## Records supplied
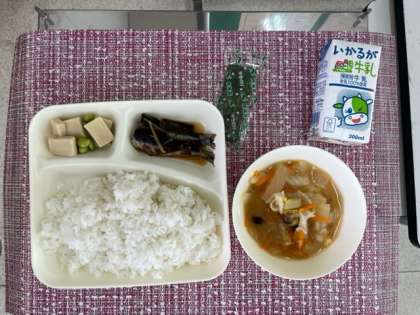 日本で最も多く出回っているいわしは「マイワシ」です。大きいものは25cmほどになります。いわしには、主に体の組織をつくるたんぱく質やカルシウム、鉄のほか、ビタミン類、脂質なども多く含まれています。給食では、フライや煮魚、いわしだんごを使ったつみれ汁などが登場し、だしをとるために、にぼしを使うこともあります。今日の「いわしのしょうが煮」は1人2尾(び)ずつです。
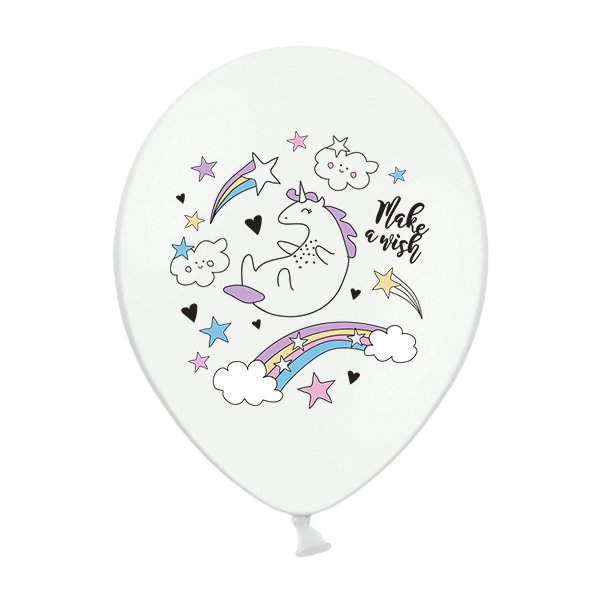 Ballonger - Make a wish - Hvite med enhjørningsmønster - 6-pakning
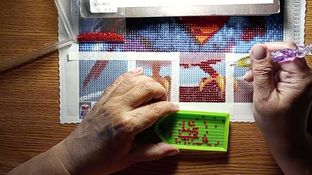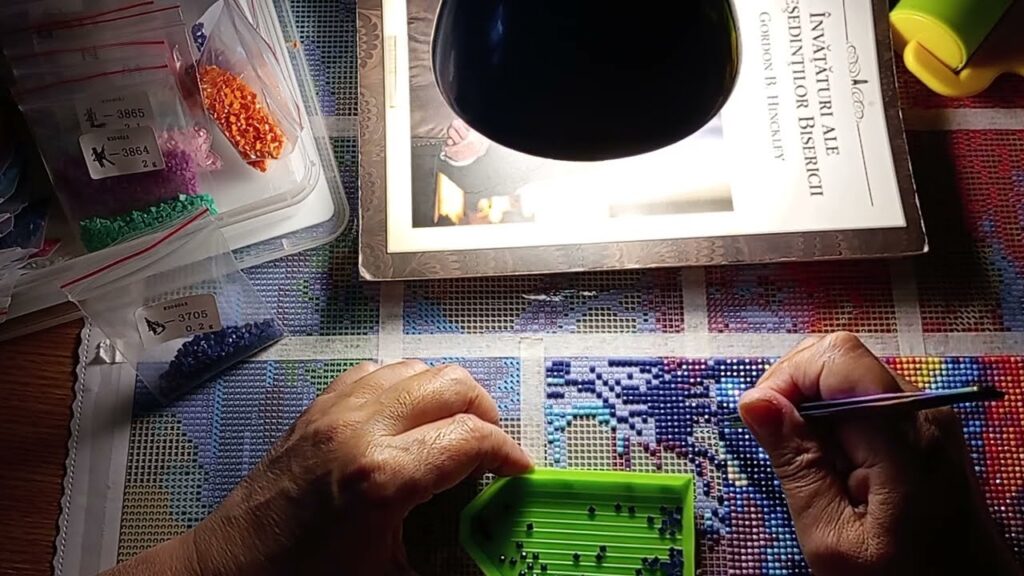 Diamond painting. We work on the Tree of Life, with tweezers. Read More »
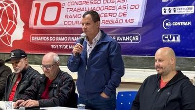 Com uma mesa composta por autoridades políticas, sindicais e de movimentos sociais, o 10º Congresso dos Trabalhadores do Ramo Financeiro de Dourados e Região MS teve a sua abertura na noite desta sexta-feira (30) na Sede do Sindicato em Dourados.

* * *

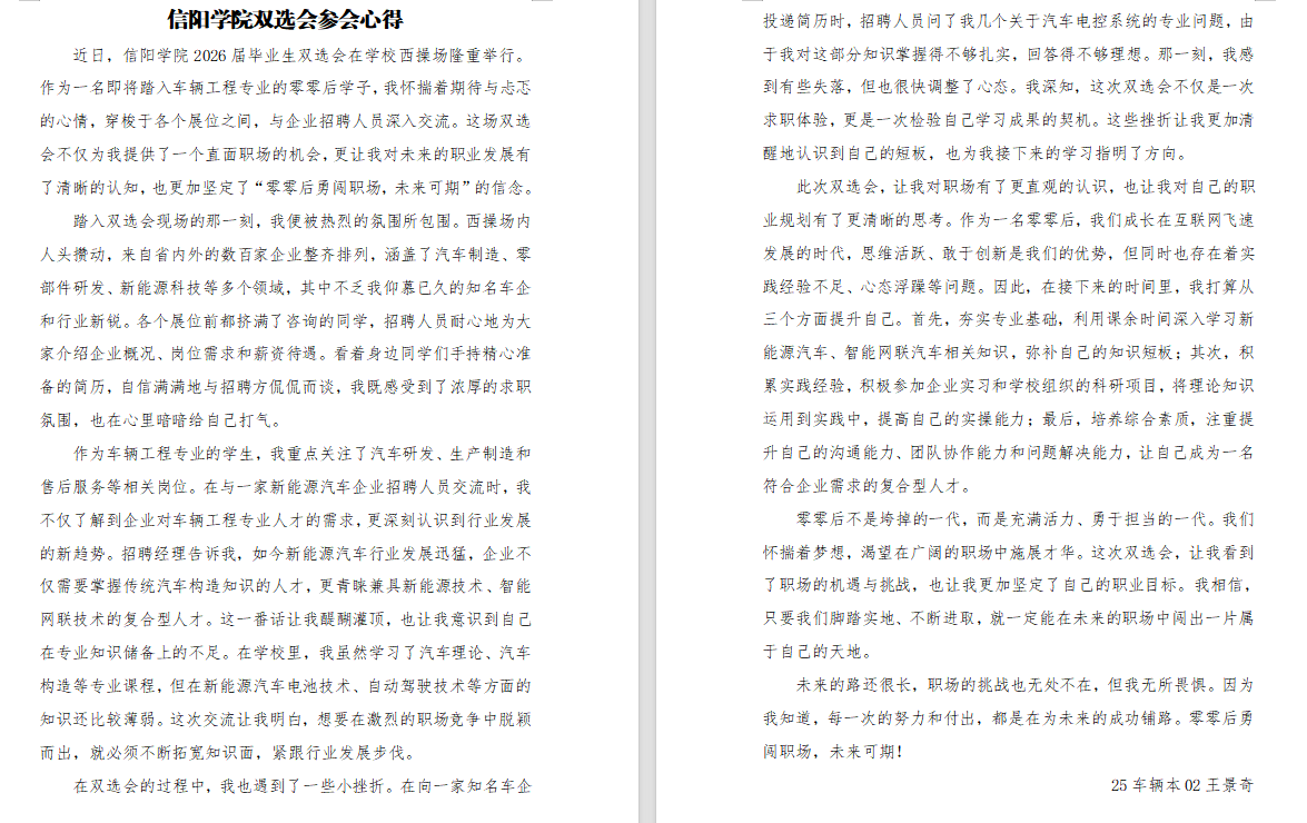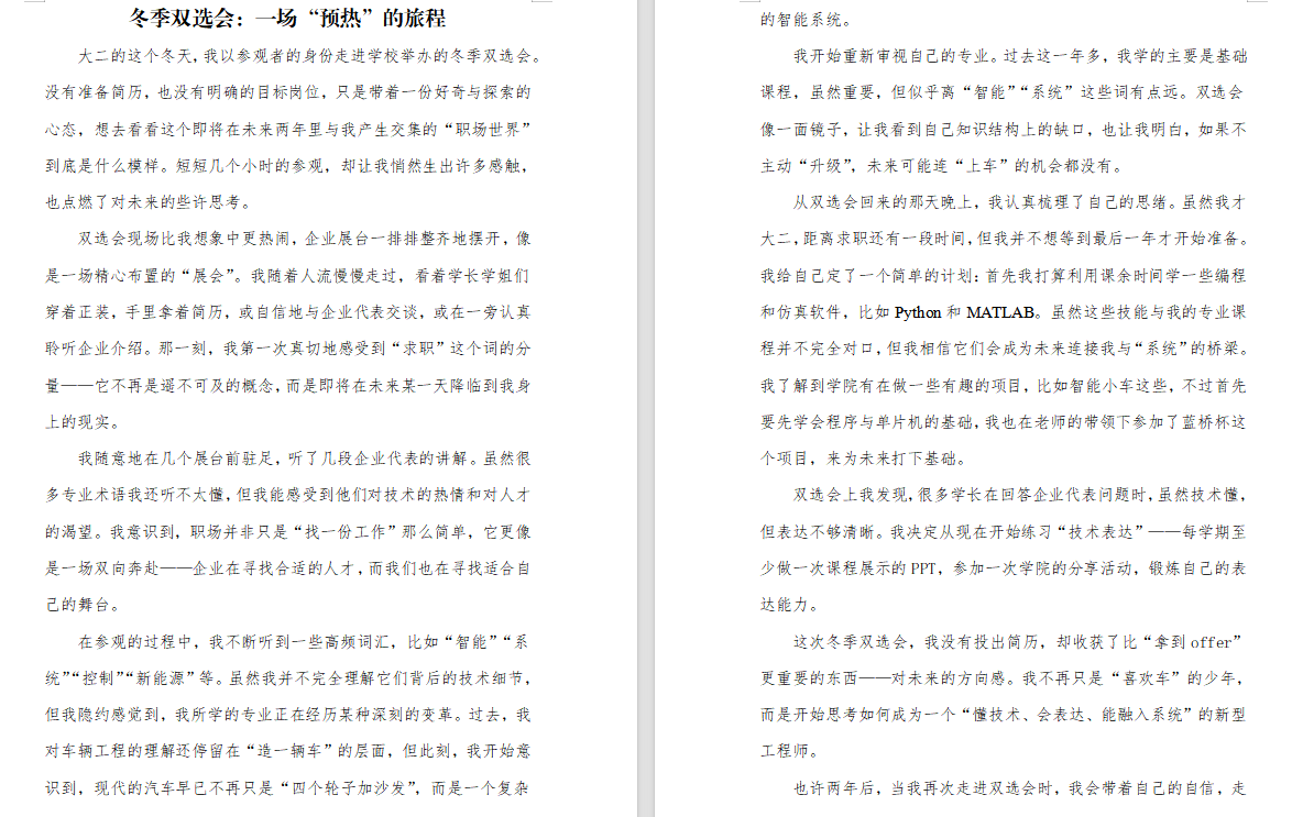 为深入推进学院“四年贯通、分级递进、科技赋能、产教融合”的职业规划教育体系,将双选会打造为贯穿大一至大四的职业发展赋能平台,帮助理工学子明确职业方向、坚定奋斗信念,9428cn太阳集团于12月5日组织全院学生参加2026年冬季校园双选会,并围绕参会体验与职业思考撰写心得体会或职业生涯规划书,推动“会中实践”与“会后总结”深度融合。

--

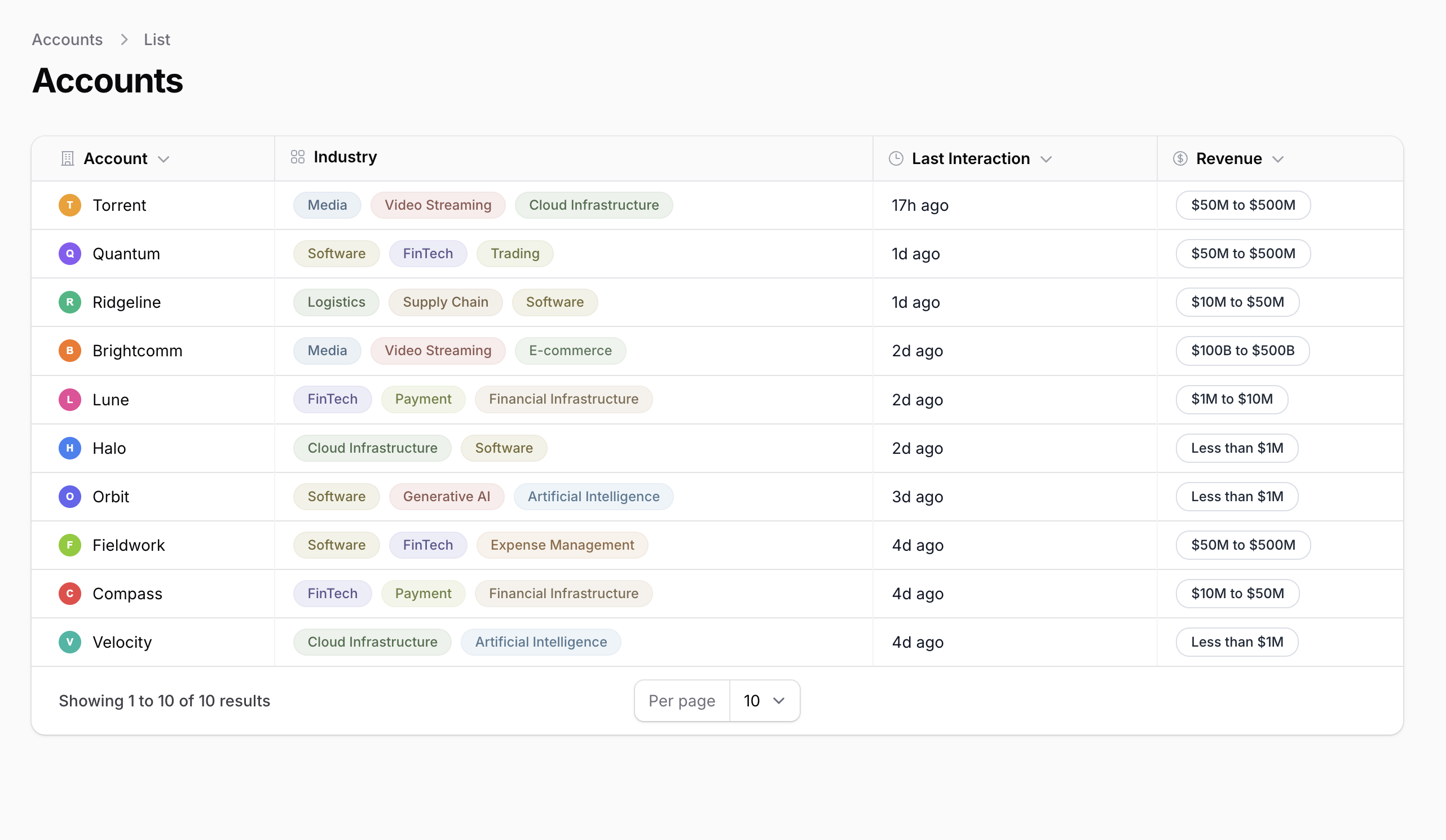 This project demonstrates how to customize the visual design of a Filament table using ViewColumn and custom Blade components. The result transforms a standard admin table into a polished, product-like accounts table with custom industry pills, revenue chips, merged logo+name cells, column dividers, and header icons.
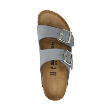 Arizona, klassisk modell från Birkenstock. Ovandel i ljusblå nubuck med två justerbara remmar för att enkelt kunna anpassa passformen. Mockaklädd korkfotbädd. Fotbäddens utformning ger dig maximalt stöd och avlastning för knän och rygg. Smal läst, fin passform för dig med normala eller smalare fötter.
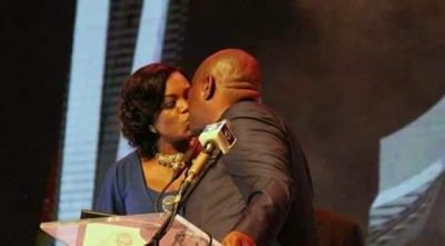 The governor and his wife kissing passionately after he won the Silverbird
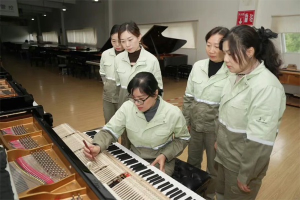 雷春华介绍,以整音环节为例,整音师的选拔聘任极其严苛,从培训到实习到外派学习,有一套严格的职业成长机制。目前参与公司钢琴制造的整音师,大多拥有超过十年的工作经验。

## Exercise aim
Please copy out from the data above, without any picture, exactly the lines running from the one that holds "Ballonger - Make" through the one that holds "Com uma mesa", and nothing beyond them.

## Response below
 Ballonger - Make a wish - Hvite med enhjørningsmønster - 6-pakning
 Diamond painting. We work on the Tree of Life, with tweezers. Read More »
 Com uma mesa composta por autoridades políticas, sindicais e de movimentos sociais, o 10º Congresso dos Trabalhadores do Ramo Financeiro de Dourados e Região MS teve a sua abertura na noite desta sexta-feira (30) na Sede do Sindicato em Dourados.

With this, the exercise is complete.